We need more time to figure a good policy/way out because something
is not clear to me.

As you know all devices are owned by Dom0 firstly before we create any
DomU, right? Do we allow Dom0 still own a group device while assign another
device in the same group?

Really appreciate any comments to policy.

v1:

RMRR is an acronym for Reserved Memory Region Reporting, expected to
be used for legacy usages (such as USB, UMA Graphics, etc.) requiring
reserved memory. Special treatment is required in system software to
setup those reserved regions in IOMMU translation structures, otherwise
passing through a device with RMRR reported may not work correctly.

This patch set tries to enhance existing Xen RMRR implementation to fix
various reported and theoretical problems. Most noteworthy changes are
to setup identity mapping in p2m layer and handle possible conflicts between
reported regions and gfn space. Initial proposal can be found at:
    http://lists.xenproject.org/archives/html/xen-devel/2015-01/msg00524.html
and after a long discussion a summarized agreement is here:
    http://lists.xen.org/archives/html/xen-devel/2015-01/msg01580.html

Below is a key summary of this patch set according to agreed proposal:

1. Use RDM (Reserved Device Memory) name in user space as a general 
description instead of using ACPI RMRR name directly.

2. Introduce configuration parameters to allow user control both per-device 
and global RDM resources along with desired policies upon a detected conflict.

3. Introduce a new hypercall to query global and per-device RDM resources.

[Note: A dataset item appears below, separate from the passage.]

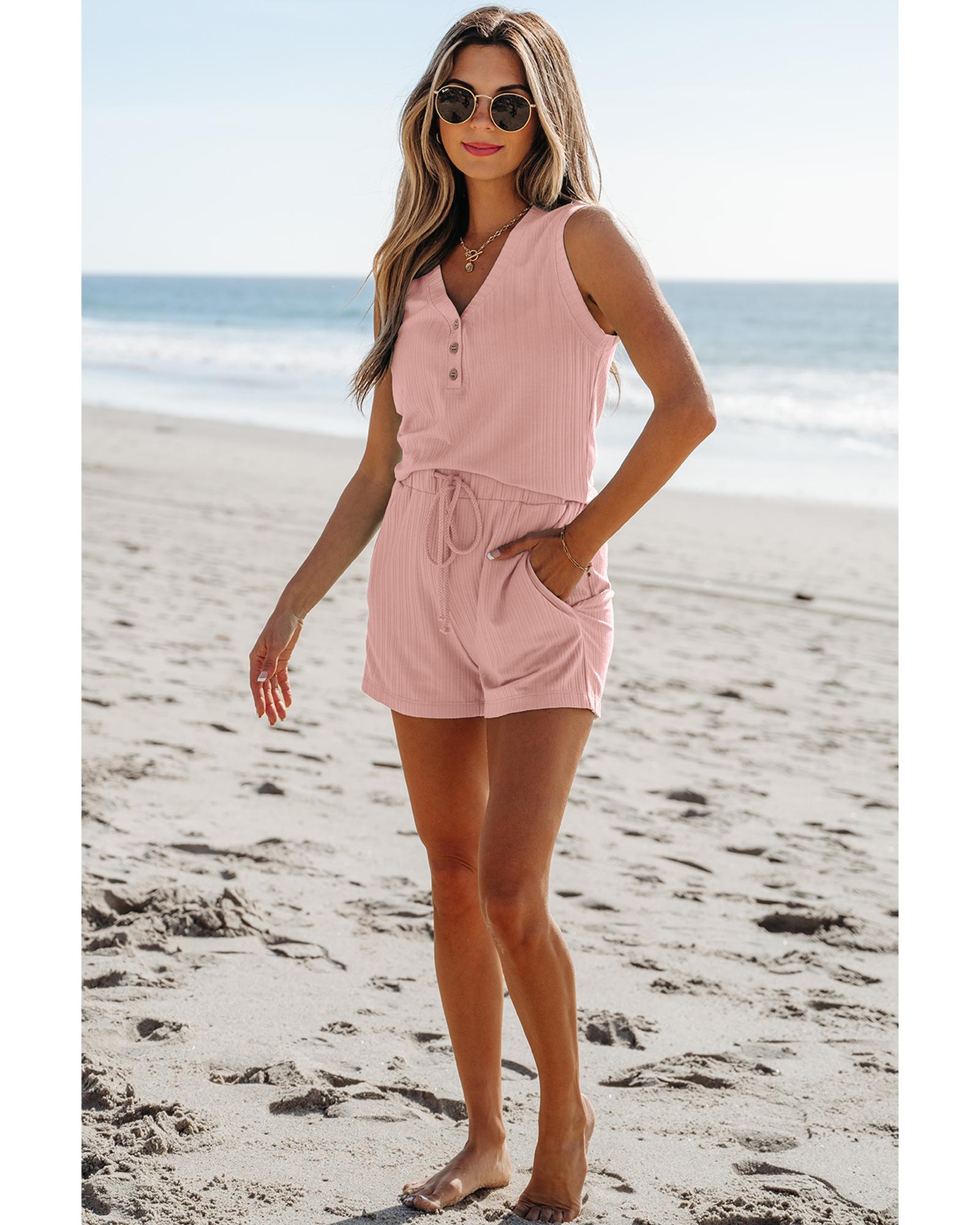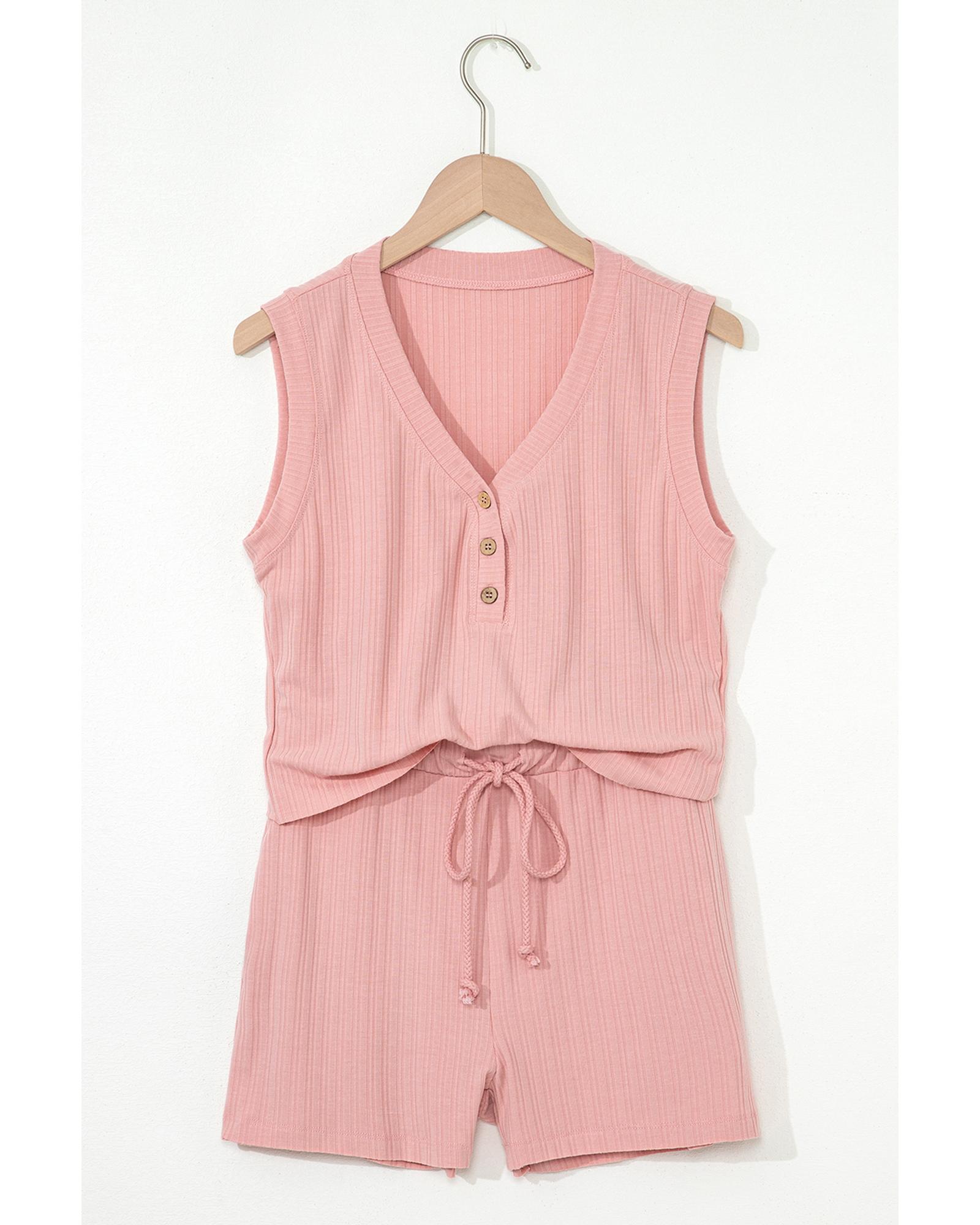 Gossamer Pink Ribbed Button V Neck Tank Top and Shorts Set – S

4. Extend libxl to be a central place to manage RDM resources and handle 
potential conflicts between reserved regions and gfn space. One simplification
goal is made to keep existing lowmem / mmio / highmem layout which is
passed around various function blocks. So a reasonable assumption
is made, that conflicts falling into below areas are not re-arranged otherwise
it will result in a more scattered layout:
    a) in highmem region (>4G)
    b) in lowmem region, and below a predefined boundary (default 2G)
  a) is a new assumption not discussed before. From VT-d spec this is 
possible but no such observation in real-world. So we can make this
reasonable assumption until there's real usage on it.

5. Extend XENMEM_set_memory_map usable for HVM guest, and then have
libxl to use that hypercall to carry RDM information to hvmloader. There
is one difference from original discussion. Previously we discussed to
introduce a new E820 type specifically for RDM entries. After more thought
we think it's OK to just tag them as E820_reserved. Actually hvmloader
doesn't need to know whether the reserved entries come from RDM or
from other purposes. 

6. Then in hvmloader the change is generic for XENMEM_memory_map
change. Given a predefined memory layout, hvmloader should avoid
allocating all reserved entries for other usages (opregion, mmio, etc.)

7. Extend existing device passthrough hypercall to carry conflict handling
policy.

8. Setup identity map in p2m layer for RMRRs reported for the given
device. And conflicts are handled according to specified policy in hypercall.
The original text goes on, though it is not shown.